- Exercise aim -
The output should be every line below, retyped exactly, with no images.

- Source material -

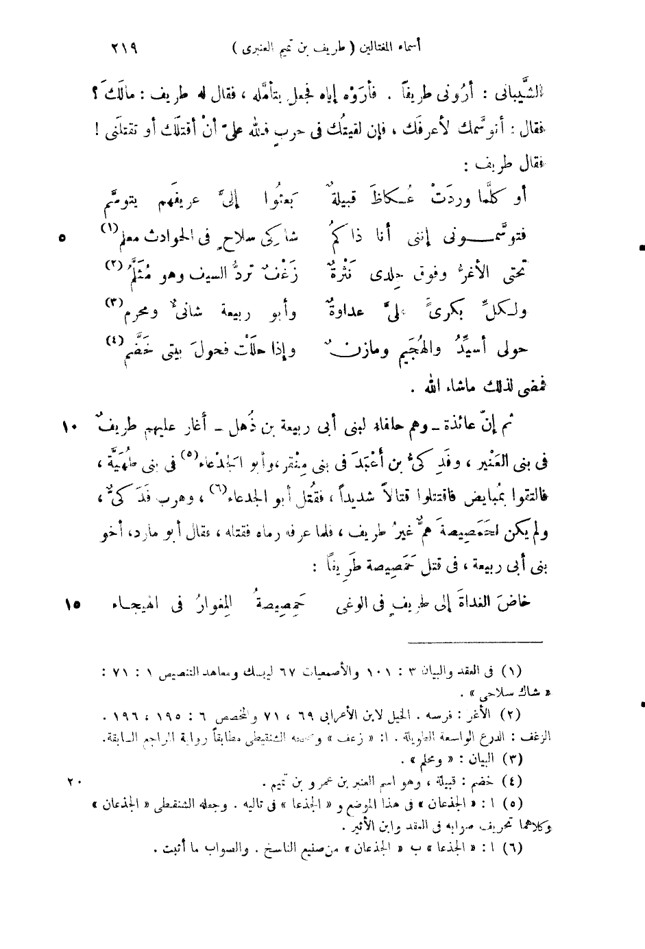 الشيباني: أروني طريفاً. فأروه إياه فجعل يتأمله، فقال له طريف: مالك؟ فقال: أنوسمك لأعرفك، فإن لقيتك في حرب فلله على أن أقتلك أو تقتلني! فقال طريف:
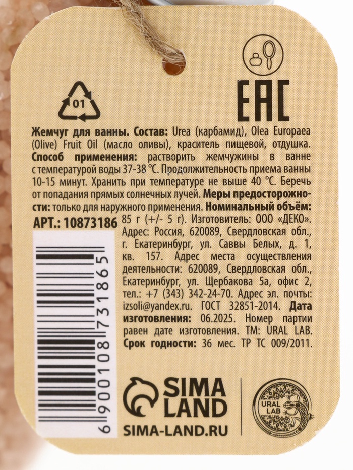 Жемчуг для ванны во флаконе, 85 г, аромат имбирный пряник, URAL LAB
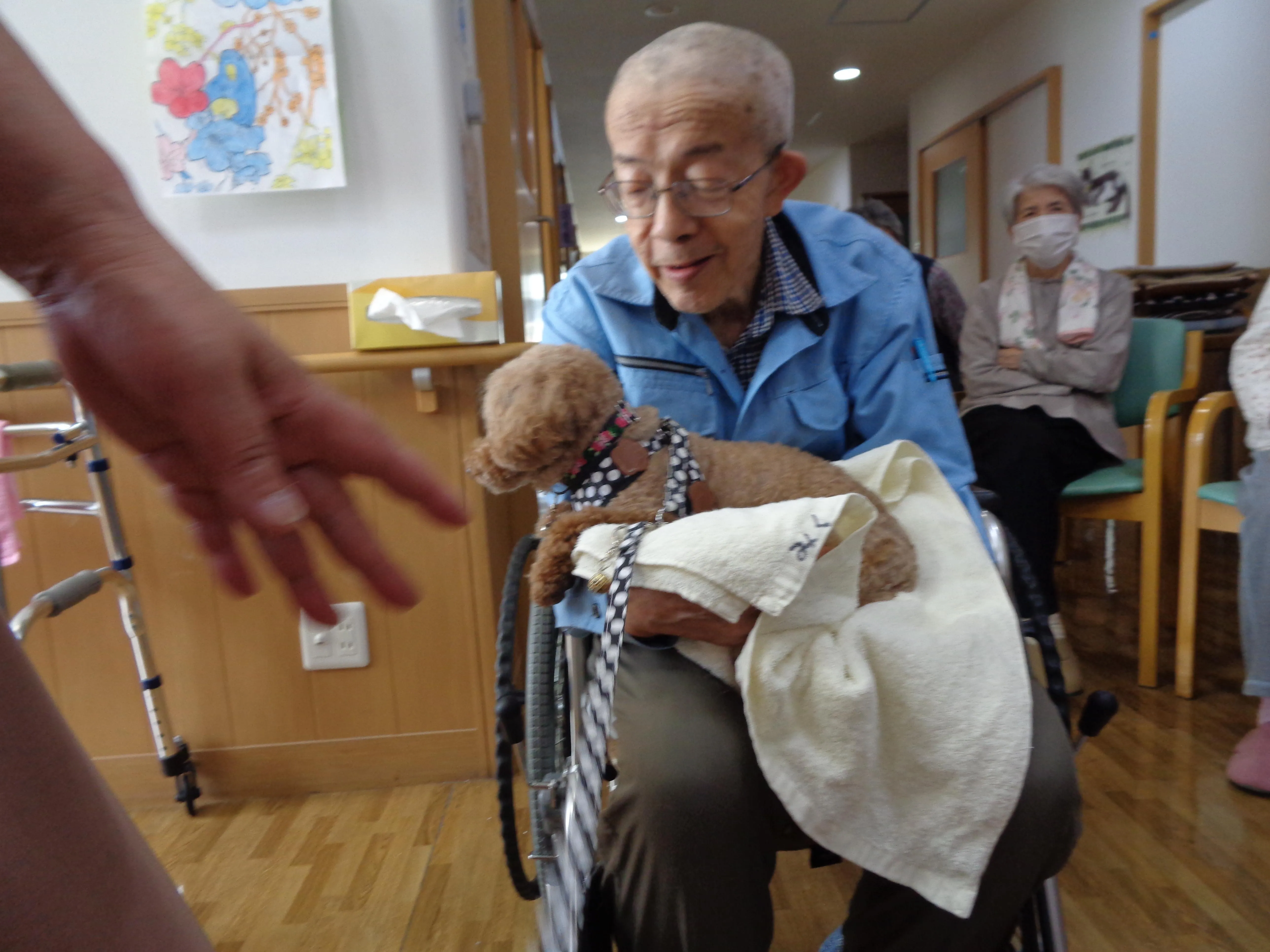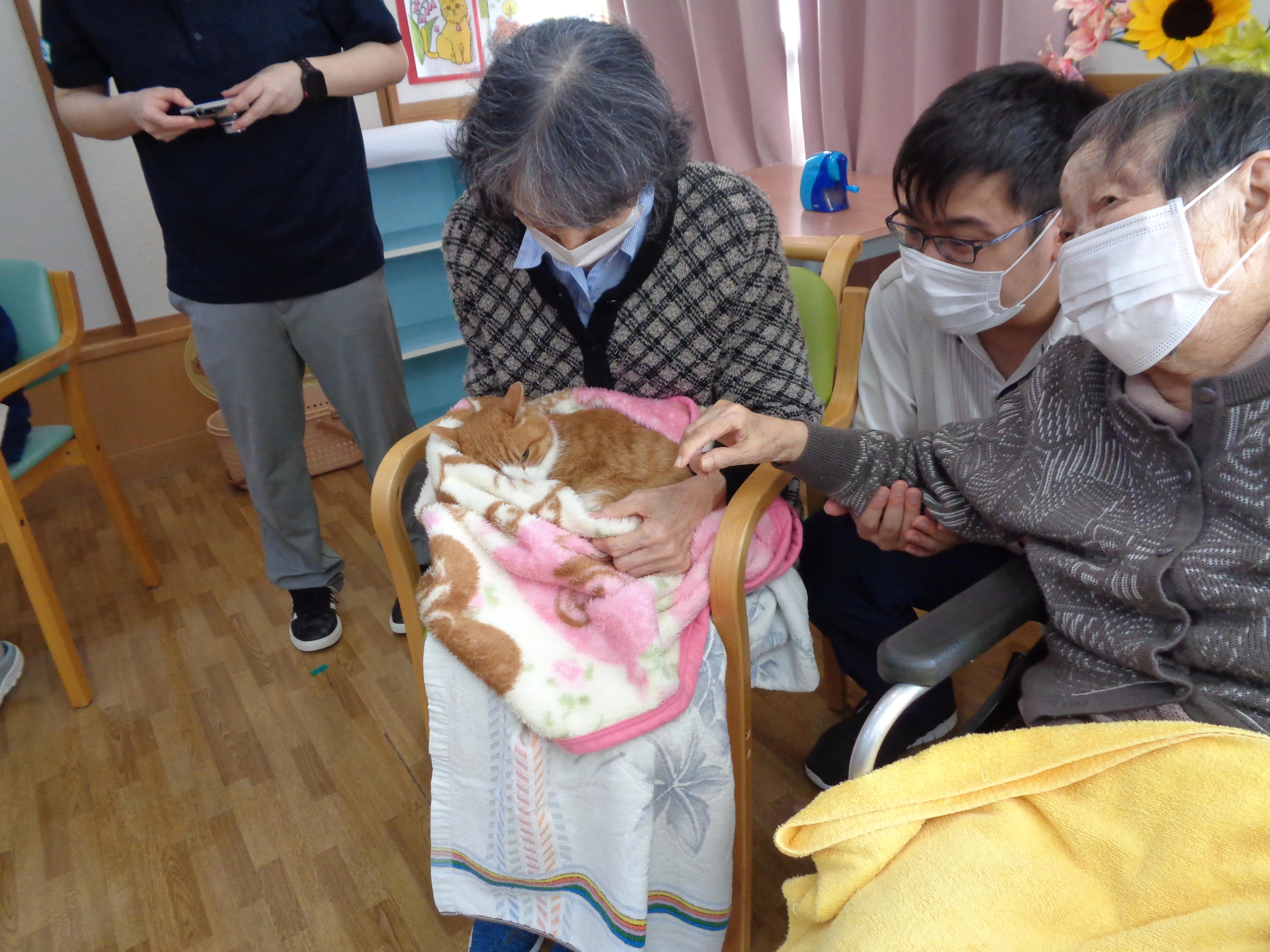 入居以来、ほとんどの方が動物とのふれあいの機会は無く、スタッフも少し心配していましたが、皆さま喜ばれ、積極的に触れに行ってくださいました。

- Task output -
 الشيباني: أروني طريفاً. فأروه إياه فجعل يتأمله، فقال له طريف: مالك؟ فقال: أنوسمك لأعرفك، فإن لقيتك في حرب فلله على أن أقتلك أو تقتلني! فقال طريف:
 Жемчуг для ванны во флаконе, 85 г, аромат имбирный пряник, URAL LAB
 入居以来、ほとんどの方が動物とのふれあいの機会は無く、スタッフも少し心配していましたが、皆さま喜ばれ、積極的に触れに行ってくださいました。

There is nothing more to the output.